With traffic stalled at the first device, a first device side of at least one of the plurality of communication lanes is powered-down to deactivate the at least one of the plurality of communication lanes in step 320. A lane is said to be deactivated or inactive when it is deactivated. In step 330, a power-down request is sent from the first device to the second device in order to power-down the second device side of the communication lane. Finally, in step 340, traffic is resumed between the first device and the second device over the altered number of active communication lanes.

Turning to FIG. 4, depicted therein is a process 400 for dynamically scaling the number of communication lanes in a multilane fabric link between a first device and a second device. The process contains similarities to process 300 of FIG. 3, but the steps depicted in FIG. 4 may be carried out by a target or slave device of the power-down process. The process begins in step 410 when a power-down request is received at a second device. The second device may be serving as a slave device for the power-down process, and therefore, the power-down request may have been sent by a master device. If the first device is serving as the master device, the power-down request may have been sent by the first device. According to other examples, the power-down request may have been received from a third device, separate from the devices communicating over the multilane fabric link.

In step 420, traffic across a plurality of communication lanes between the first device and the second device are stalled. In step 430, a second device side of the at least one of the communication lanes is powered-down to deactivate the at least one of the plurality of communication lanes. Finally, in step 440, traffic between the first device and the second device is restarted on the active communication lanes of the communication link.
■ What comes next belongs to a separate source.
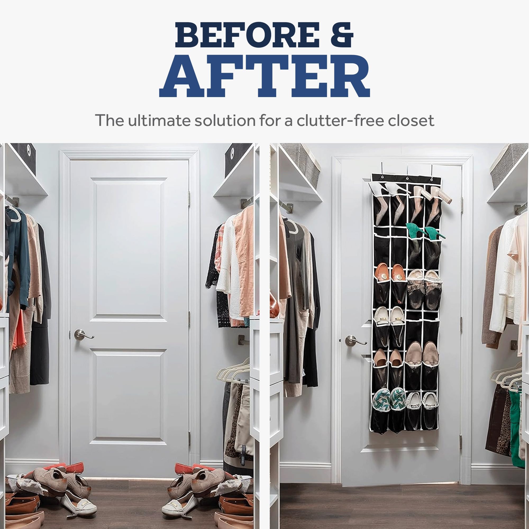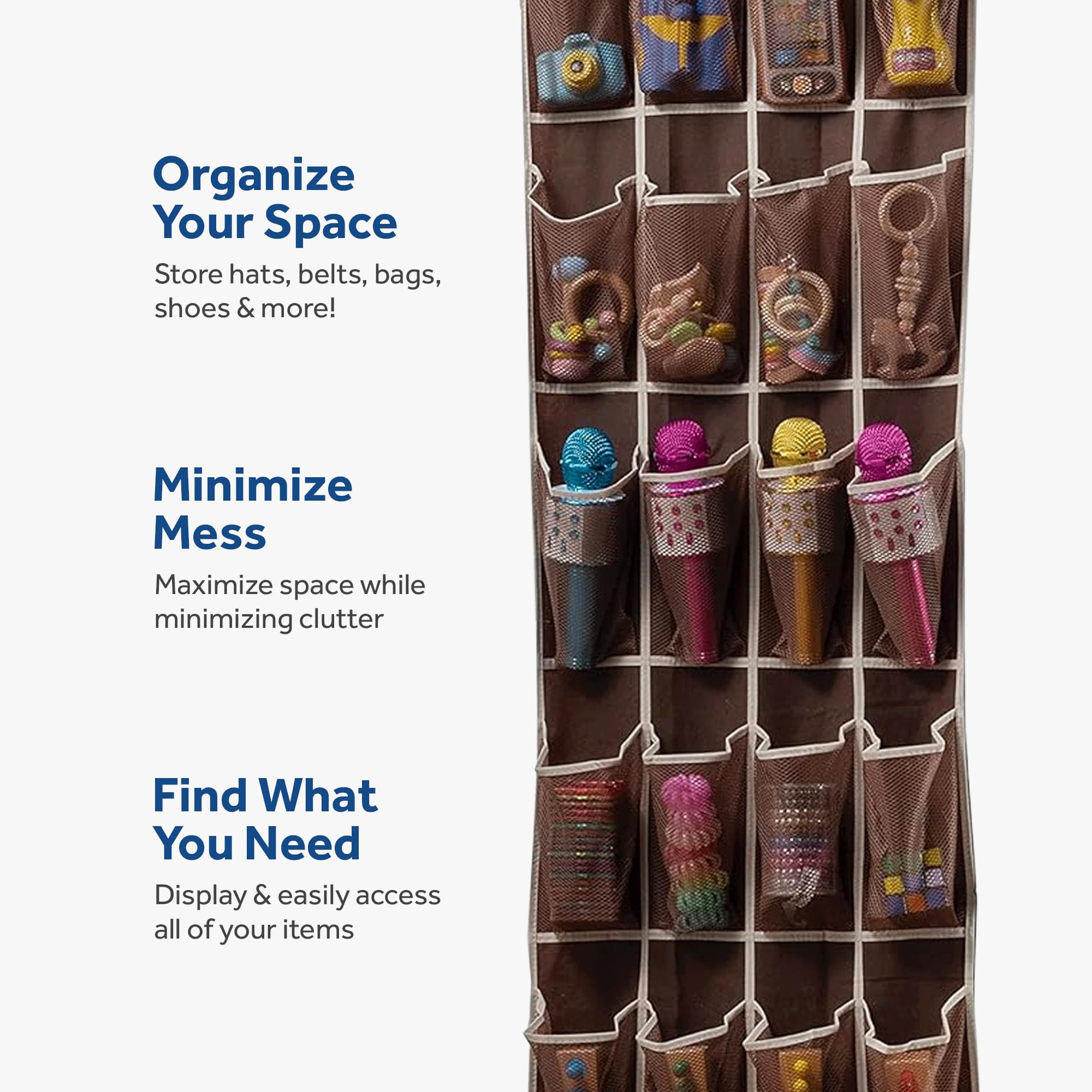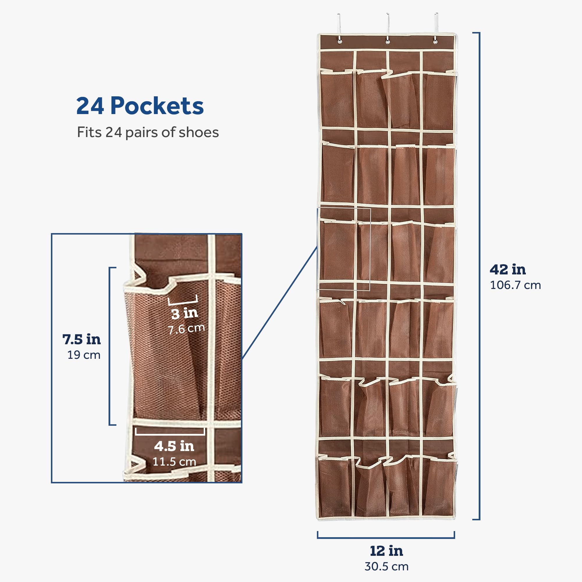 24 Breathable Mesh Pockets 24 mesh pockets allow users to store up to 12 pairs of shoes. The mesh not only allows for easy visibility of contents, but also allows air circulation to penetrate the pockets and keep shoes fresh. Reduce Clutter and Maximize Closet Space Avoid the unsightly look of piled shoes on the floor. The organizer keeps shoes off of the ground and suspended on a door for ultimate maximization of space and making the experience of finding shoes much simpler. 3 Adjustable Door Hooks The adjustable stainless steel hooks hang securely over doors of varying thickness for reliable storage. Durable Nonwoven Construction The organizer is made of heavy duty nonwoven; a high quality material that resists tears and rips! The nonwoven material is extremely breathable and also aids in keeping shoes fresh. Store More This organizer is great for storing socks, scarves, ties, and many other garment items. It's also great to use in other areas of the house for storing items such as toys, cleaning supplies, snacks, craft supplies and much more! Dimensions Shoe organizer: 64" x 18" Pockets are 7.5" tall x 4.5" wide and can be stretched to 3" deep.

While FIGS. 3 and 4 generally depict dynamically scaling the number of lanes in a multilane fabric link from the perspective of a master device and a target device, respectively, FIG. 5 provides a more detailed example through ladder diagram 500 illustrating example messages sent between a master device 510 and a target device 520.

Prior to the sending of any messages in FIG. 5, a determination is made as to which of devices 510 and 520 will serve as the master 510 and the target 520. This determination may be made when communication between device 510 and device 520 is initiated. At some point during the communications between master 510 and target 520, a determination is made that one or more of the communication lanes between master 510 and target 520 should be powered-down. This determination may come from either the master 510 or the target 520, or from a third device not illustrated in FIG. 5. Once the determination is made that at least one of the communication lanes between the master 510 and the target 520 should be powered-down, traffic being sent from the master 510 to the target 520 is stalled. The traffic may be stalled at a packet boundary to ensure continuity of the traffic between master 510 and target 520.

Having stalled traffic between master 510 and target 520 on the master device side of the communication link, at 530 a power-down request 532 is sent from the master 510 to the target 520. The power-down request 532 may comprise a specific code word or series of bits that the target device 520 will recognize, not as link traffic, but as a power-down request 532. In addition to sending power-down request 532, master device 510 may start a timer T1 which will measure the duration until a response is received from the target 520. If timer T1 reaches a predetermined value, the master 510 may send another power-down request message or abort the power-down process.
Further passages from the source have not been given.